2018-02-09 09:38 ET - News Release

An anonymous director reports

BIOAMBER INC. ANNOUNCES REGISTERED DIRECT OFFERING; TERMINATION OF UNDERWRITING AGREEMENT FOR PREVIOUSLY-ANNOUNCED PUBLIC OFFERING

BioAmber Inc. has entered into definitive agreements with certain institutional investors to purchase an aggregate of 46.67 million Series A units (or equivalent Series B units), with each Series A unit consisting of one share of common stock, one Series A warrant to purchase one share of common stock and one Series B warrant to purchase one share of common stock, and each Series B unit consisting of one prefinanced warrant to purchase one share of common stock, one Series A warrant to purchase one share of common stock, one Series B warrant to purchase one share of common stock and one Series C warrant to purchase shares of common stock (subject to adjustment), at a price to the purchasers of 15 U.S. cents per Series A unit and 14.9 U.S. cents per Series B unit.

The Series A warrants have an exercise price of 15 U.S. cents and a term of six months, exercisable upon the date of issuance. The Series B warrants have an exercise price of 15 U.S. cents and a term of five years, exercisable upon the date of issuance. The prefinanced warrants have an exercise price of 15 U.S. cents per share, which will be prepaid upon issuance, except for a nominal exercise price of 0.1 U.S. cent per share and, consequently, no additional payment or other consideration (other than the nominal exercise price of 0.1 U.S. cent per share) will be required to be delivered to the company by the holder upon exercise of the prefinanced warrants. The Series C warrants have a nominal exercise price of 0.001 U.S. cent per share and, consequently, no additional payment or other consideration (other than the nominal exercise price of 0.001 U.S. cent per share) will be required to be delivered to the company by the holder upon exercise of the Series C warrants. The prefinanced warrants and the Series C warrants will be exercisable upon the date of issuance until exercised in full. The shares of common stock and the warrants will be immediately separable and will be issued separately.

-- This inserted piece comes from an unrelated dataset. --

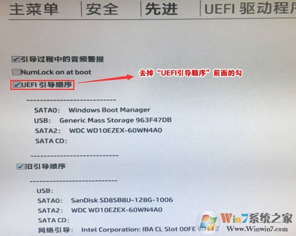 6、進(jìn)入后將UEFI順序前面的勾去掉,讓機(jī)器默認(rèn)為傳統(tǒng)啟動(dòng),這樣方便安裝WIN7,如下圖所示;

The number of shares underlying the Series C warrants is initially zero, but may be increased at the end of the fifth trading day following the public announcement of this offering (or such earlier trading day on which 90 per cent of the company's daily volume weighted average price of the company's common stock on the company's trading market on such date is equal to or less than five cents), to an amount equal to the difference between subscription amount of each purchaser of the Series A or B units divided by the lesser of (a) the original per-unit purchase price of the Series A or B units and (b) the greater of (i) 90 per cent of the lowest daily volume weighted average price of the company's common stock on the company's trading market during the five trading days including and immediately prior to such date and (ii) five cents, and (2) the sum of the number of shares of common stock and prefinanced warrants, if any, issued to the purchaser at the closing of this offering.

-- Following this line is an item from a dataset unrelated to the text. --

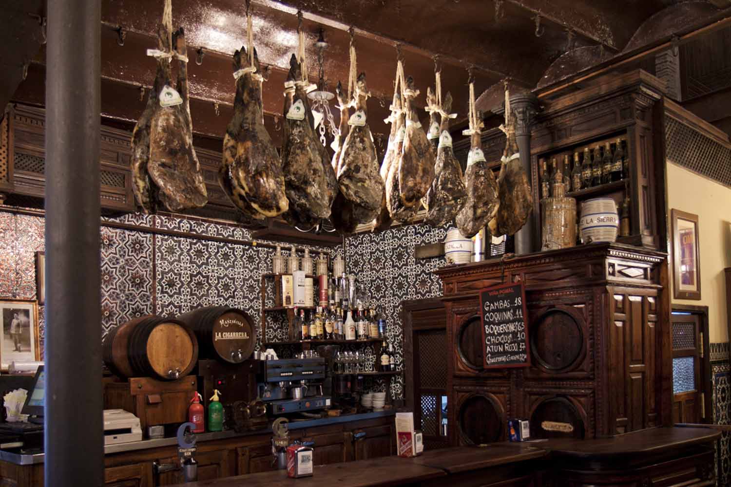 IMG_1334OldestPub Published June 27, 2014 at 1500 × 1000 in Seville, Spain – Arrival & the Cathedral The ancient jamon hanging in El Rinconcillo, Seville

The per-share exercise prices of the Series A warrants and the Series B warrants may be decreased (but not increased) at the end of the fifth trading day following the public announcement of this offering, to an amount equal to the lesser of (a) the then exercise price, as adjusted, and (b) the greater of (i) 90 per cent of the lowest daily volume weighted average price of the company's common stock on the company's trading market during the five trading days including and immediately prior to such date and (ii) five cents, and the number of shares issuable under the Series A warrants and Series B warrants will be increased such that the aggregate exercise price payable thereunder, after taking into account the adjusted exercise price, will be equal to the aggregate exercise price prior to the trigger date.

In addition, if at any time while any of the warrants are still outstanding, the company issues common stock or any type of securities giving the holders thereof the right to purchase common stock at a price below the purchase price (as adjusted) of the prefinanced warrants or the exercise price of the Series A warrants and the Series B warrants, the purchasers will have full-ratchet anti-dilution protection on any outstanding prefinanced warrants (via an increase in the number of shares of common stock underlying the prefinanced warrants) and the Series A warrants and Series B warrants (via a decrease in the exercise price per share thereof), subject to a five-cent floor.

The aggregate gross proceeds to the company (assuming no exercise of the warrants) are approximately $7.0-million (U.S.), before deducting placement agent fees and estimated offering expenses.

H.C. Wainwright & Co. is acting as the exclusive placement agent in connection with this offering.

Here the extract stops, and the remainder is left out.